Data for review below:
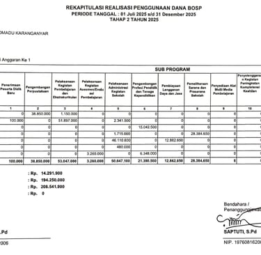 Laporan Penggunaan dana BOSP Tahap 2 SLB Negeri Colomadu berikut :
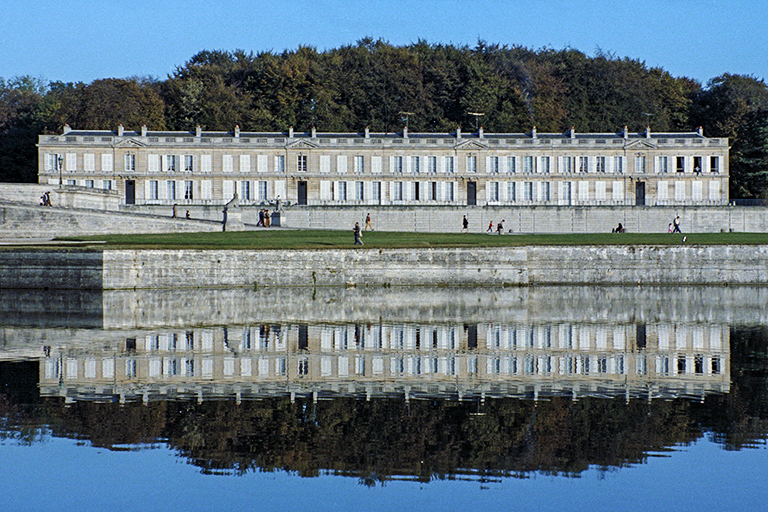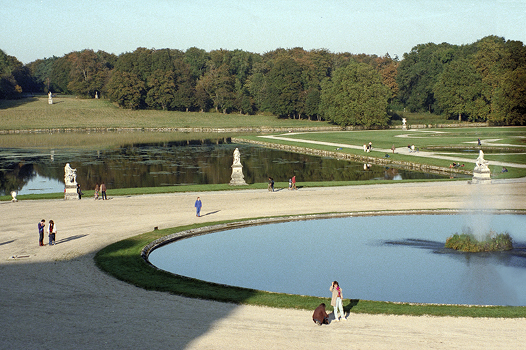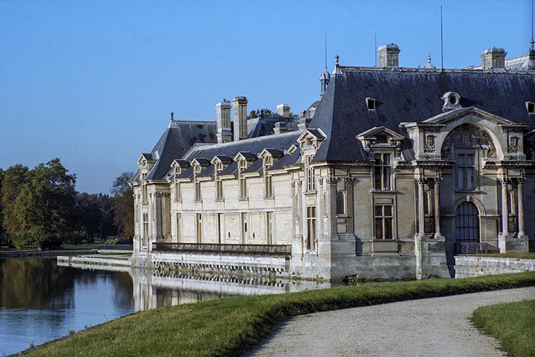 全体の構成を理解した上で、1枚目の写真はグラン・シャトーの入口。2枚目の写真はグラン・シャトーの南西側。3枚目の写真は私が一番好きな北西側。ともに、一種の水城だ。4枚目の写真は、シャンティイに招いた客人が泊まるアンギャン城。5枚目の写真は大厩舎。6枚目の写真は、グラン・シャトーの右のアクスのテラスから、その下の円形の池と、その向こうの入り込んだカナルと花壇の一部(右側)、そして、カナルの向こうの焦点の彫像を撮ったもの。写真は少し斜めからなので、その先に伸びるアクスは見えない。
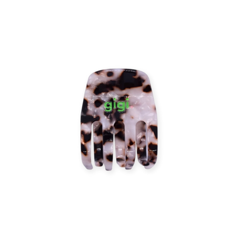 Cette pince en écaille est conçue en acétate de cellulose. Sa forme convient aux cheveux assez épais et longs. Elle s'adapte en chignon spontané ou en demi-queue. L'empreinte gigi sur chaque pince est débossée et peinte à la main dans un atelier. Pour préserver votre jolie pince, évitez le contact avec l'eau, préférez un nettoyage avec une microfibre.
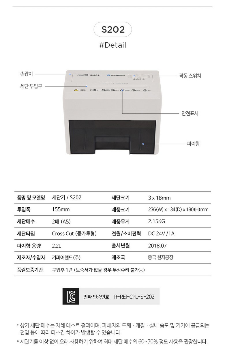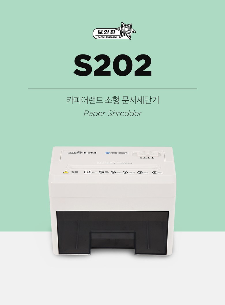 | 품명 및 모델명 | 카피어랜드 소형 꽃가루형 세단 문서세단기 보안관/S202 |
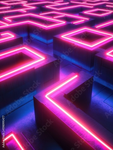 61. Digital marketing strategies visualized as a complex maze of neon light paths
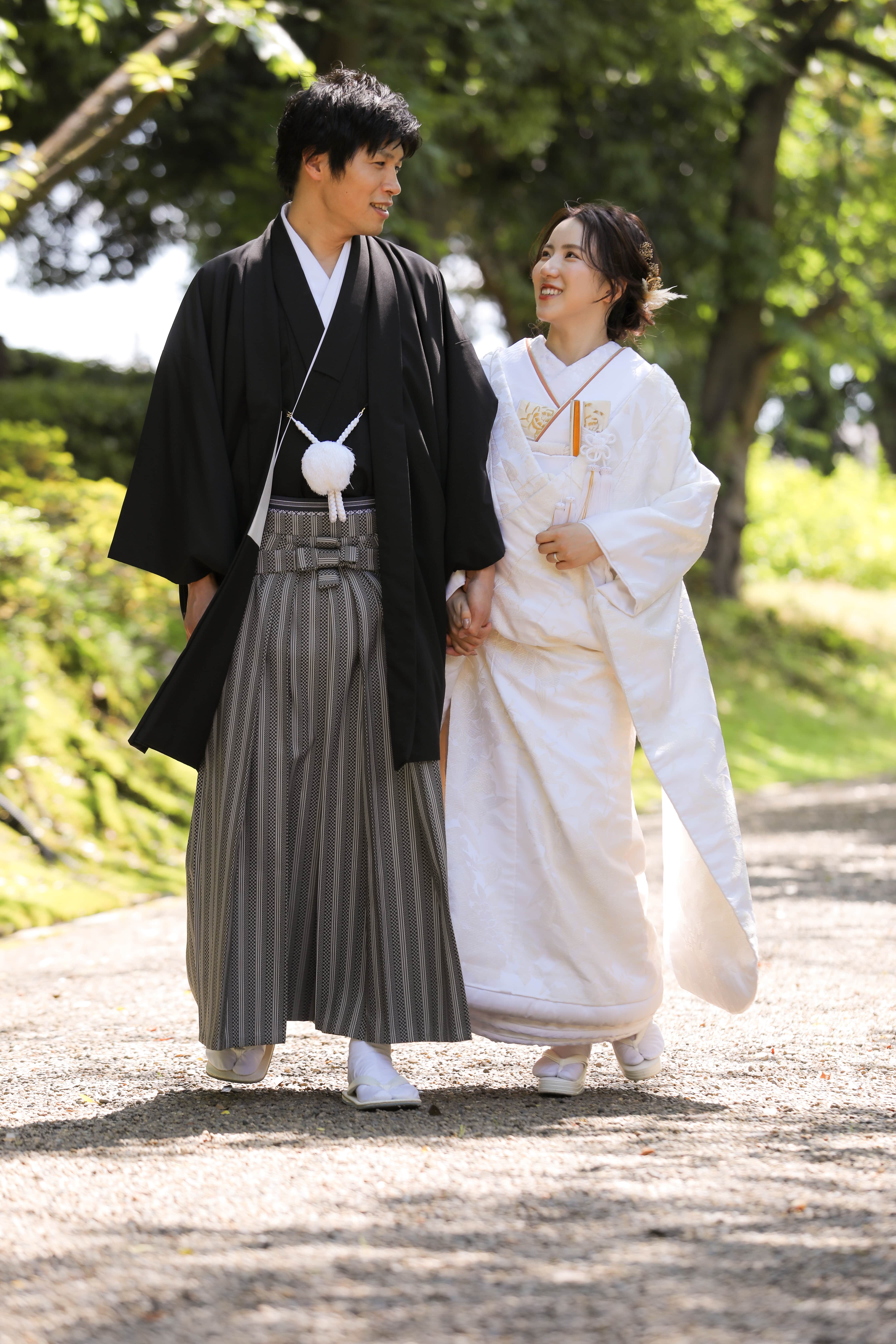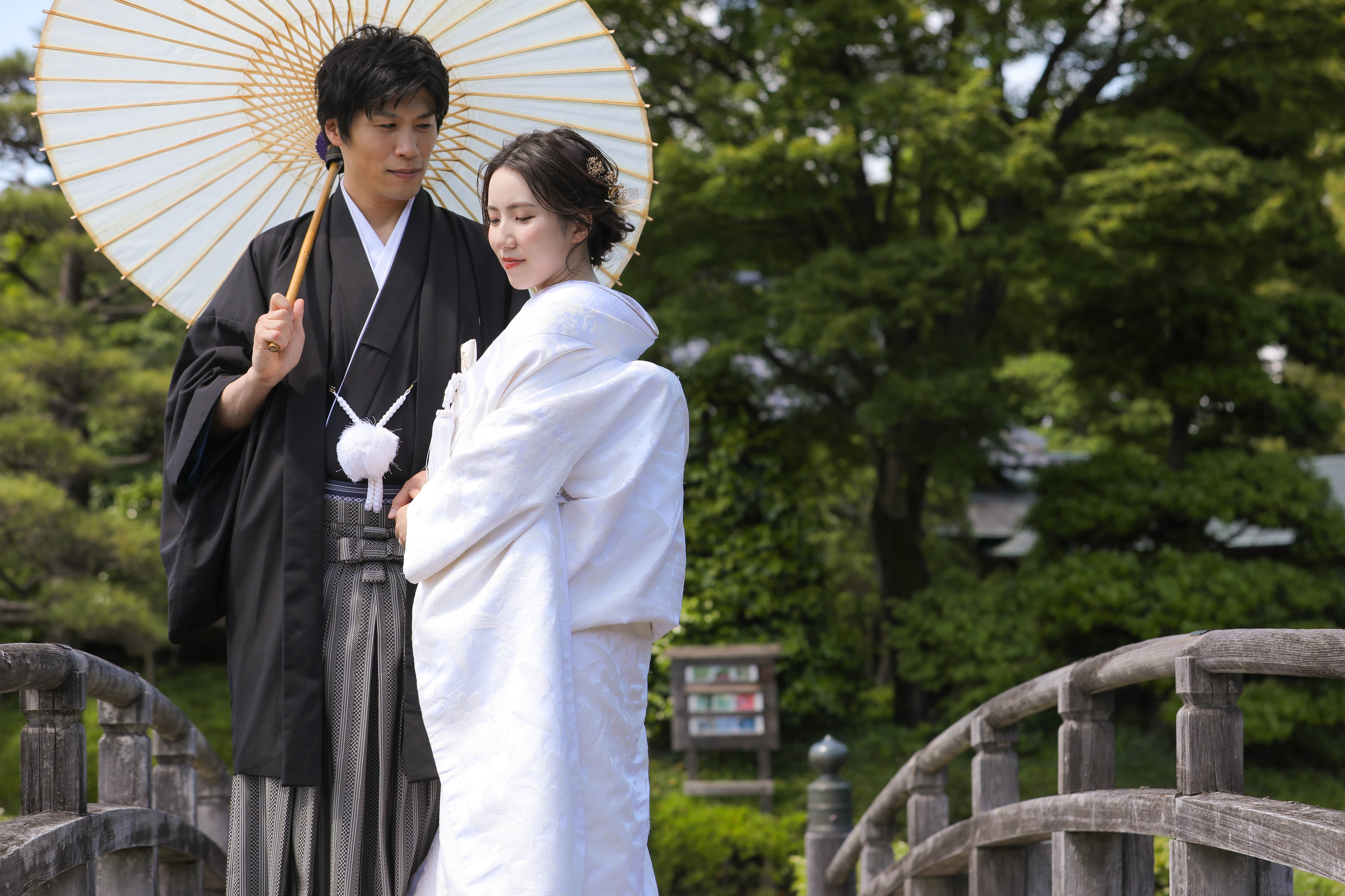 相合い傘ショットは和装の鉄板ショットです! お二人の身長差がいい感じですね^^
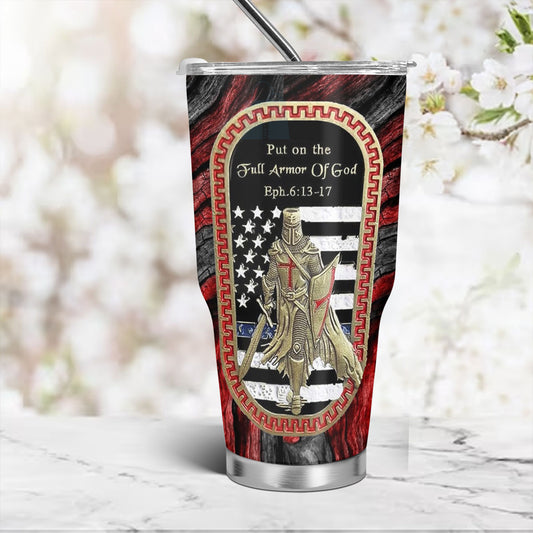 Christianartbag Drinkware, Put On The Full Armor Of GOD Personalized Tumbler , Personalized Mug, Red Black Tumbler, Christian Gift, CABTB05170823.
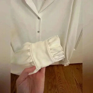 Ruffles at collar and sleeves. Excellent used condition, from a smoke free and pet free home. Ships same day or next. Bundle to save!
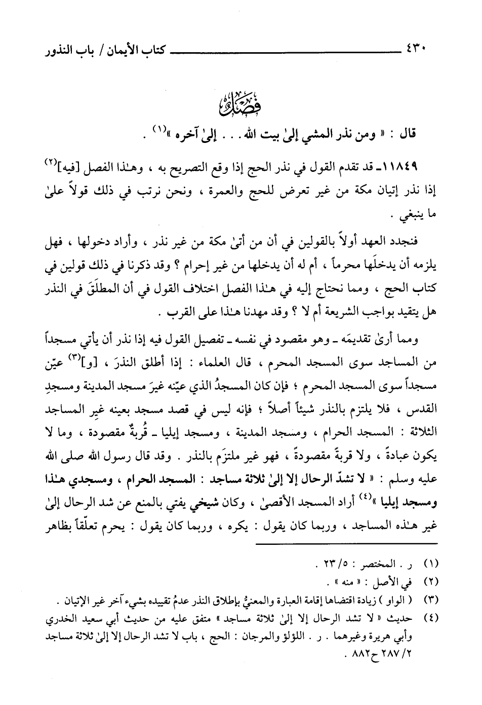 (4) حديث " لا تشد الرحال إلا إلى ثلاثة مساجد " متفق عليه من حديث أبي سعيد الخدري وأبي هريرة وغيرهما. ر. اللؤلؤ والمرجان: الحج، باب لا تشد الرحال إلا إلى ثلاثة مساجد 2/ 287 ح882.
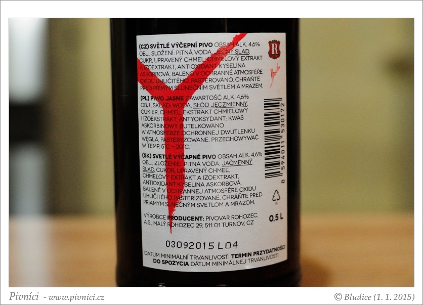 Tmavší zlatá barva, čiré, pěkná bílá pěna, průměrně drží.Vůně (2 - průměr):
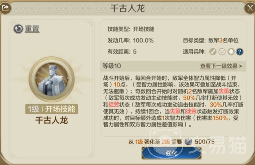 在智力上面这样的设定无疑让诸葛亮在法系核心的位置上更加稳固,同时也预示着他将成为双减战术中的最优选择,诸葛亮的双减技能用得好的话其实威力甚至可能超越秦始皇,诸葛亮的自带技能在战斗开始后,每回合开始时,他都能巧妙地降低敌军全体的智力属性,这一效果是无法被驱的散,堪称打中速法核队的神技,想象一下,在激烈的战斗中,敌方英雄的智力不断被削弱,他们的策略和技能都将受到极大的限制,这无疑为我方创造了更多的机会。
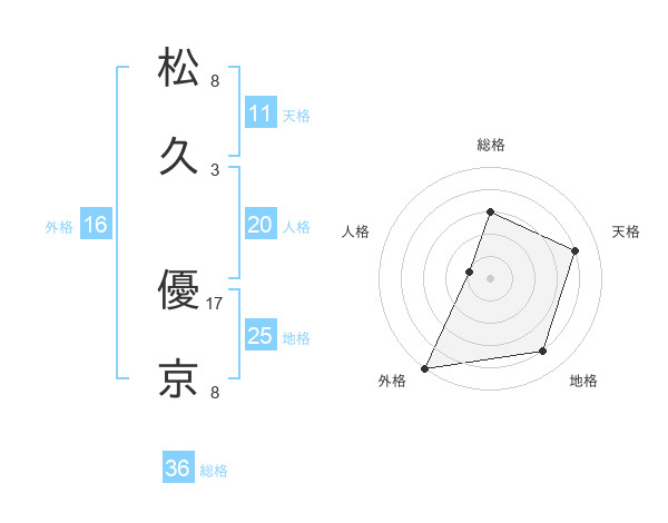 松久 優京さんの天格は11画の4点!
End of Data for review.
Output the entries verbatim but drop the images.

 Laporan Penggunaan dana BOSP Tahap 2 SLB Negeri Colomadu berikut :
 全体の構成を理解した上で、1枚目の写真はグラン・シャトーの入口。2枚目の写真はグラン・シャトーの南西側。3枚目の写真は私が一番好きな北西側。ともに、一種の水城だ。4枚目の写真は、シャンティイに招いた客人が泊まるアンギャン城。5枚目の写真は大厩舎。6枚目の写真は、グラン・シャトーの右のアクスのテラスから、その下の円形の池と、その向こうの入り込んだカナルと花壇の一部(右側)、そして、カナルの向こうの焦点の彫像を撮ったもの。写真は少し斜めからなので、その先に伸びるアクスは見えない。
 Cette pince en écaille est conçue en acétate de cellulose. Sa forme convient aux cheveux assez épais et longs. Elle s'adapte en chignon spontané ou en demi-queue. L'empreinte gigi sur chaque pince est débossée et peinte à la main dans un atelier. Pour préserver votre jolie pince, évitez le contact avec l'eau, préférez un nettoyage avec une microfibre.
 | 품명 및 모델명 | 카피어랜드 소형 꽃가루형 세단 문서세단기 보안관/S202 |
 61. Digital marketing strategies visualized as a complex maze of neon light paths
 相合い傘ショットは和装の鉄板ショットです! お二人の身長差がいい感じですね^^
 Christianartbag Drinkware, Put On The Full Armor Of GOD Personalized Tumbler , Personalized Mug, Red Black Tumbler, Christian Gift, CABTB05170823.
 Ruffles at collar and sleeves. Excellent used condition, from a smoke free and pet free home. Ships same day or next. Bundle to save!
 (4) حديث " لا تشد الرحال إلا إلى ثلاثة مساجد " متفق عليه من حديث أبي سعيد الخدري وأبي هريرة وغيرهما. ر. اللؤلؤ والمرجان: الحج، باب لا تشد الرحال إلا إلى ثلاثة مساجد 2/ 287 ح882.
 Tmavší zlatá barva, čiré, pěkná bílá pěna, průměrně drží.Vůně (2 - průměr):
 在智力上面这样的设定无疑让诸葛亮在法系核心的位置上更加稳固,同时也预示着他将成为双减战术中的最优选择,诸葛亮的双减技能用得好的话其实威力甚至可能超越秦始皇,诸葛亮的自带技能在战斗开始后,每回合开始时,他都能巧妙地降低敌军全体的智力属性,这一效果是无法被驱的散,堪称打中速法核队的神技,想象一下,在激烈的战斗中,敌方英雄的智力不断被削弱,他们的策略和技能都将受到极大的限制,这无疑为我方创造了更多的机会。
 松久 優京さんの天格は11画の4点!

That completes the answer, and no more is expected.